We want to keep logic where it belongs and work as generic as possible.
Can you guys help us with choosing the right way? Longterm we want to have around 15 differnt Importers.

I've had a similar situation to this recently - I recommend an array of strings for several reasons:
Familiarity: How often are you working with tempfiles? What about the other developers on your team? How easy is it to manipulate strings vs manipulating tempfiles?
Flexibility: Now you want to just process the picture, but maybe in the future you'll need to keep track of the picture id for each picture from the external site. That's trivial with an array of strings. With an array of tempfiles, it's more difficult (just how much depends, but the fact is it will be more difficult). That of course goes for other as-yet-unknown objectives as well.
Speed: It's faster and uses less disk space to process an array of strings than a group of files. That's perhaps a small issue, but if you get flooded with a lot of photos at the same time, it could be a consideration depending on your environment.
Ultimately, the best thing I can say is start with strings, make a few importers, and then see how it looks and feels. Pretend you're a project manager or a client - start making strange, potentially unreasonable demands of the data you've collected. How easy will it be for you to meet those demands with your current implementation? Would it be easier if you were using tempfiles?

I am doing this for a similar project, where I have to browse and get information on different websites. On each of those websites I have to reach for same goal by performing roughly the same actions, and they are off-course all structured differently.
The solution is inspired from the basic principles of OOP:
Main class: handle the high level operations, handle database operations, handle images operation, manage errors
class MainClass
def import
# Main method, prepare the download and loop through each images
log_in
go_to_images_page
images = get_list_of_images
images.each do |url|
begin
image_record = download_image url
transform_image image_record
rescue
manage_error
end
end
display_logs
send_emails
end
def download_image(url)
# Once the specific class returned the images url, this common method
# Is responsible for downloading and creating database record
record = Image.new picture: url
record.save!
record
end
def transform_image(record)
# Transformation is common so this method sits in the main class
record.watermark!
end
# ... the same for all commom methods (manage_error, display_logs, ...)
end
Specific classes (one per targeted website) : handle low lovel operations and return data to the main class. The only interraction this class must have is with the website, meaning no database access and no error management as much as possible (don't get stuck by your design ;))

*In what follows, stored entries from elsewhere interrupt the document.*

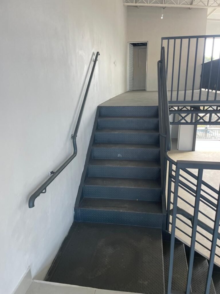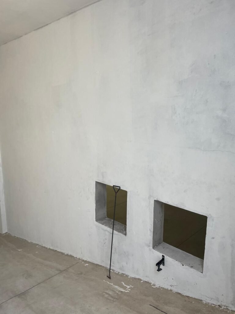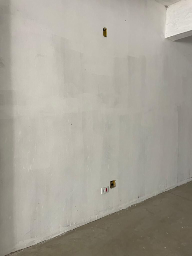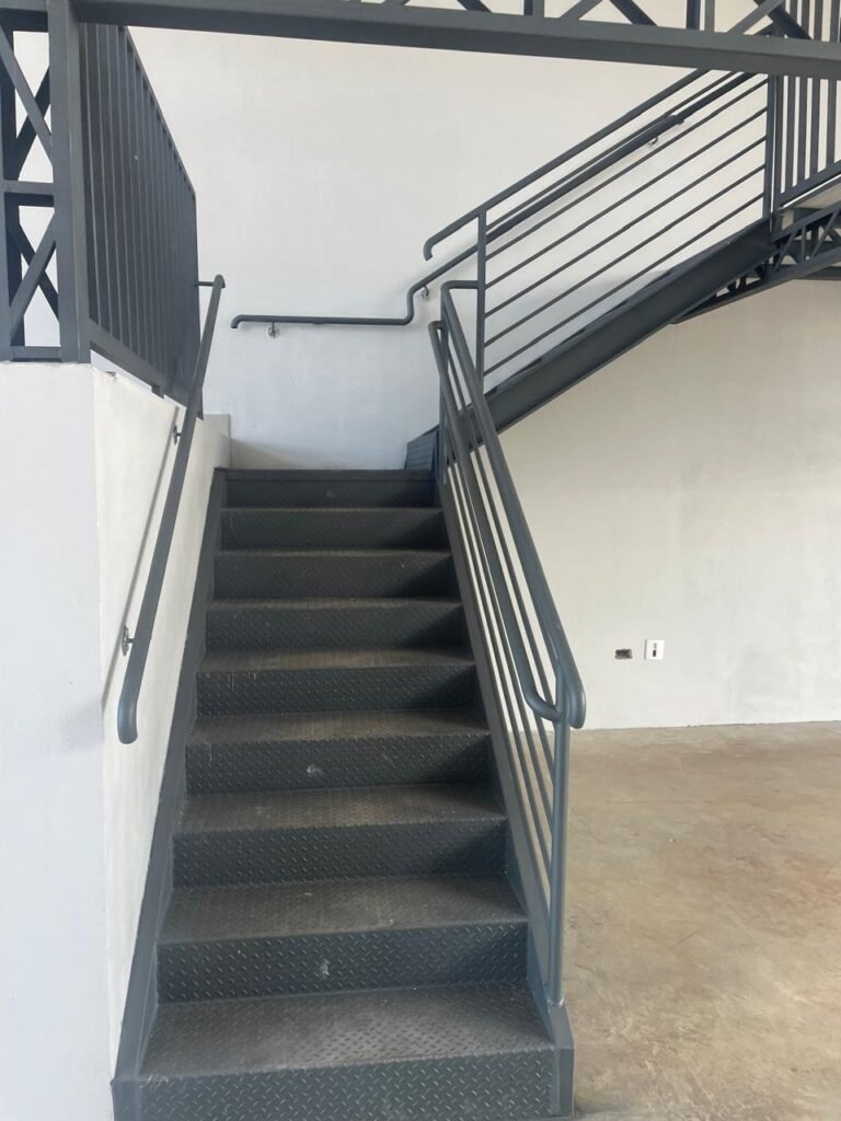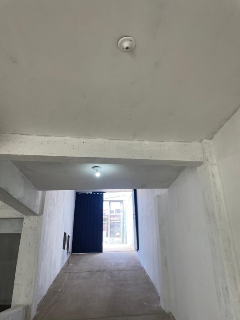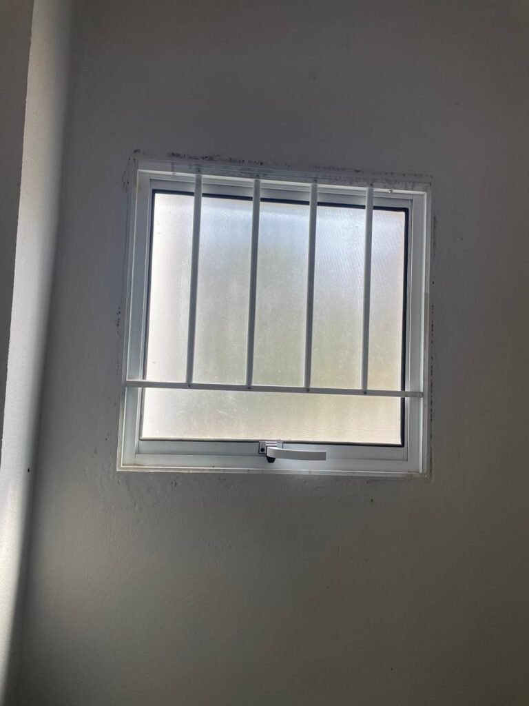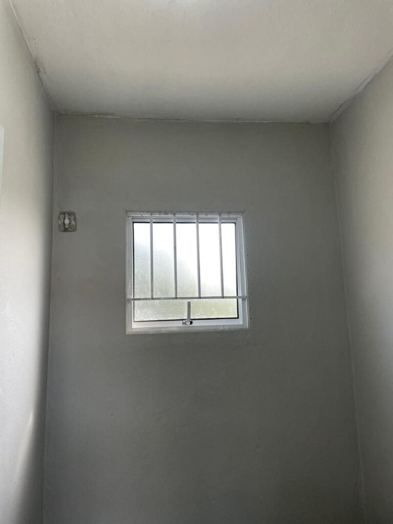 SALA MEZANINO-: 01 Porta de alumínio cor branco em ordem, com maçaneta e fechadura marca Stam em ordem, piso de concreto com pintura na cor cinza em ordem, 01 ralo plástico branco em ordem, 02 espelhos de luz marca Tramontina, sendo eles: 01 espelho com 01 interruptor e 01 espelho com 02 tomadas ( 110v/220v), 01 tampa de plástico de inspeção em ordem, 01 pré instalação de espelho de luz em ordem, paredes com pintura látex nova, na cor cinza em ordem, canos PVC com 01 válvula em ordem, estrutura de ferro em ordem com 01 caixa d’água marca Acqualimp 500l em ordem, 01 lâmpada LED em ordem, 01 janela deslizante em ordem, com 01 fechadura em ordem e 02 folhas de vidro liso, transparente e temperado com manchas de tinta e restante em ordem.
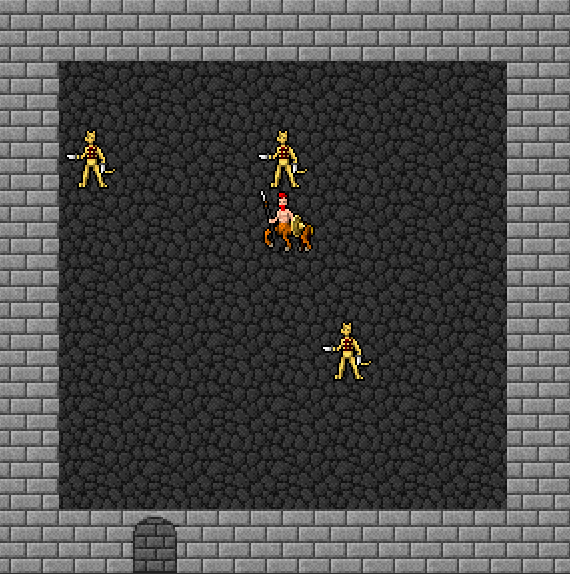 Advancement! Lot’s of infrastructure going behind the scenes. Hero can now move around the rooms and interact with static monsters.
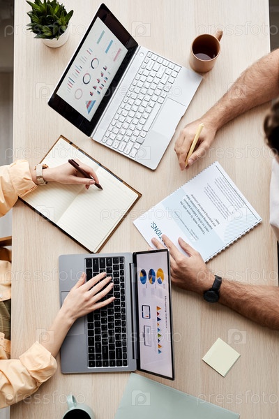 Выше вид рук двух молодых студентов, сидящих перед ноутбуками

Note: In my design I simply inherit from the MainClass, but you can use module inclusion if you prefer.
class Target1Site < MainClass
def log_in
# Perform specific action in website to log the use in
visit '/log_in'
fill_in :user_name, with: ENV['user_name']
...
end
def go_to_images_page
# Go to specific url
visit '/account/gallery'
end
def get_list_of_images
# Use specific css paths
images = all :css, 'div#image-listing img'
images.collect{|i| i['src']}
end
# ...
end

I solved a similar problem... I had to import from a xls file, different resource types using:
The Importer class (ResourcesGroupsImporter).
A base mapper class (ResourceMapper) It acts as interface for specific mappers. It has common methods for all resources and raises NotImplementedError encouraging you to implement those methods when you adds a new resource type.

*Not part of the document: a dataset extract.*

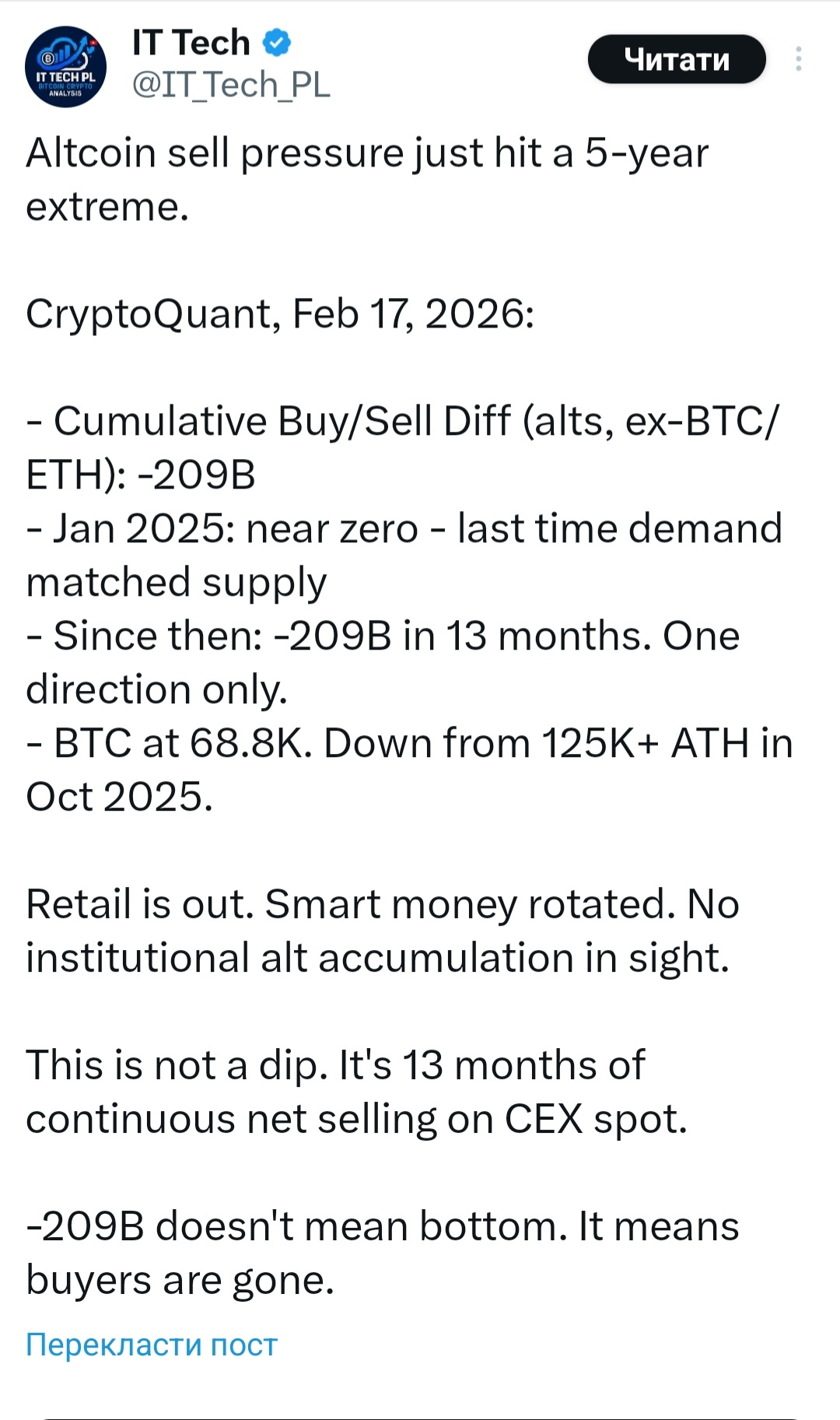🔍 Z danych CryptoQuant wynika, że skumulowana różnica między zakupami a sprzedażami altcoinów (bez Ethereum) osiągnęła -$209 miliardów.🤯 W styczniu 2025 roku wskaźnik był bliski zera, a teraz — 13 miesięcy czystego odpływu kapitału z giełd. To wskazuje na całkowity brak stabilnego popytu, z wysokim wolumenem depozytów altcoinów (40-78 tys. transakcji dziennie od lipca 2025 roku). Analitycy mówią, że samo -$209 miliardów nie sygnalizuje dna, ale to rekordowa presja sprzedających!

One mapper by resource type (DetentionsPollMapper, FrontCycleMapper). Each one, implements specific logic for an specific resource.
Implementation example:
The importer...
class ResourcesGroupsImporter
attr_reader :group
attr_reader :mappers
def initialize(_source, _resources_group)
#group = _resources_group
#source = _source
#xls = Roo::Spreadsheet.open(#source.path, extension: :xlsx)
#mappers = Resource::RESOURCEABLE_CLASSES.map { |klass| resource_mapper(klass) }
end
def import
ActiveRecord::Base.transaction do
self.mappers.each { |mapper| create_resource(mapper) }
relate_source_with_group unless self.has_errors?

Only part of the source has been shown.